Humans understand events in the world contextually, performing what’s called multimodal reasoning across time to make inferences about the past, present, and future. Given text and a picture that appears benign when considered separately — e.g.,”Look how many people love you” and an image of a bare desert — people recognize that these elements take on potentially hurtful connotations when they’re paired or juxtaposed, for example.
Even the best AI systems fight in this region. But there’s been progress, most recently from a team in the Allen Institute for Artificial Intelligence and the University of Washington’s Paul G. Allen School of Computer Science & Engineering. At a preprint paper released this month, the researchers detail Multimodal Neural Script Knowledge Models (Merlot), a system which learns to match images in videos with words and follow events globally over time by viewing millions of YouTube videos with transcribed speech. It does all of this in an unsupervised fashion, meaning the videos haven’t been labeled or categorized — forcing the machine to find out from the videos’ inherent structures.
Learning from videos
Our capacity for commonsense reasoning is shaped by how we experience causes and effects. Teaching machines this type of”script understanding” is a significant challenge, in part because of the amount of data it requires. For example, even a single photo of people dining at a restaurant can imply a wealth of information, like the fact that the people had to agree where to go, meet up, and enter the restaurant before sitting down.
Merlot attempts to internalize these concepts by watching YouTube videos. Lots of YouTube videos. Drawing on a dataset of 6 million videos, the researchers trained the model to match individual frames with a contextualized representation of the video transcripts, divided into segments. The dataset contained instructional videos, lifestyle vlogs of everyday events, and YouTube’s auto-suggested videos for popular topics like”science” and”home improvement,” each selected explicitly to encourage the model to learn about a broad range of objects, actions, and scenes.

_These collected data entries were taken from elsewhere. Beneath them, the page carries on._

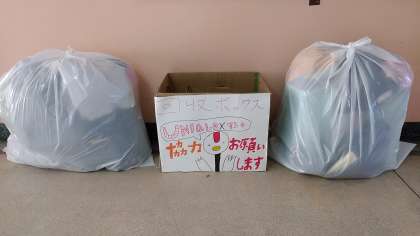 上の2枚の写真が、児童会の子どもたちが各教室でアピールしている様子です。一番下の写真は、プロジェクトの結果、ご家庭から集まった服です。予想をはるかに上回る服が集まりました。鶴見橋中学校生徒会の皆さんが用意してくれた回収ボックスには入りきれませんでした。多くの子どもたち、保護者の皆様のご協力に感謝申しあげます。ありがとうございました。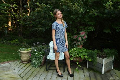 Delicate teen Asuna toys her pussy before pissing on a deck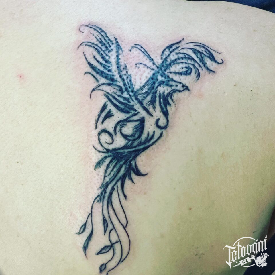 Tetování mýtická bytost fénix na lopatku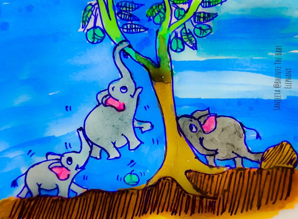 Well, I bet you have not seen an elephant hanging on a branch? Bhunte did. He himself was hanging! Bhunte, Punte and Dalli went around to see what mischievous things they could do that evening. And voila! they saw a tree of elephant apples (Dillenia indica). These are the favourite fruits that elephants love munching on and pooping the residuals! And why will Bhunte and his friends miss that chance??? Bhunte grabbed one low hanging branch and started shaking! The branch flew back to its original state, and a poor Bhunte was now hanging! But, he was loving this! Punte came from behind and gently pushed him and started running around out of joy to see his friend up in the air! While, Dalli was on her own mission to bring down the entire tree! And after all these tremors of tiny elephants, here fell down one elephant apple! Thud! on the ground! And another and another! What a joy! Bhunte, Punte and Dalli leaned against the tree and started happily munching…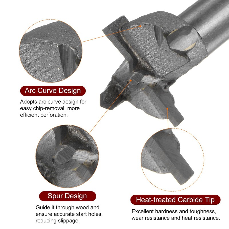 - Features - The spur help guide it through wood and ensure accurate start holes, reducing slippage. Arc curve design head for easy chip-removal, more efficient perforation. The forstner bit can drill precise, smooth, and neat holes without burrs.

The goal was to teach Merlot to contextualize the frame-level representations over time and over spoken words so it could reorder scrambled video frames and make sense of “noisy” transcripts — including those with erroneously lowercase text, missing punctuation, and filler words like “umm,” “hmm,” and “yeah.” The researchers largely accomplished this. They reported that in a series of qualitative and quantitative tests, Merlot had a strong “out-of-the-box” understanding of everyday events and situations, enabling it to take a scrambled sequence of events from a video and order the frames to match the captions in a coherent narrative, like people riding a carousel.
Merlot is only the latest work on video understanding in the AI research community. In 2019, researchers at Georgia Institute of Technology and the University of Alberta created a system that could automatically generate commentary for”let’s play” videos of movie games. More recently, researchers in Microsoft published that a preprint paper describing a system that could determine whether announcements about video clips were accurate with learning from visual and textual clues. And Facebook has educated a computer vision program that can automatically find music, textual, and visual representations from publicly accessible Facebook videos.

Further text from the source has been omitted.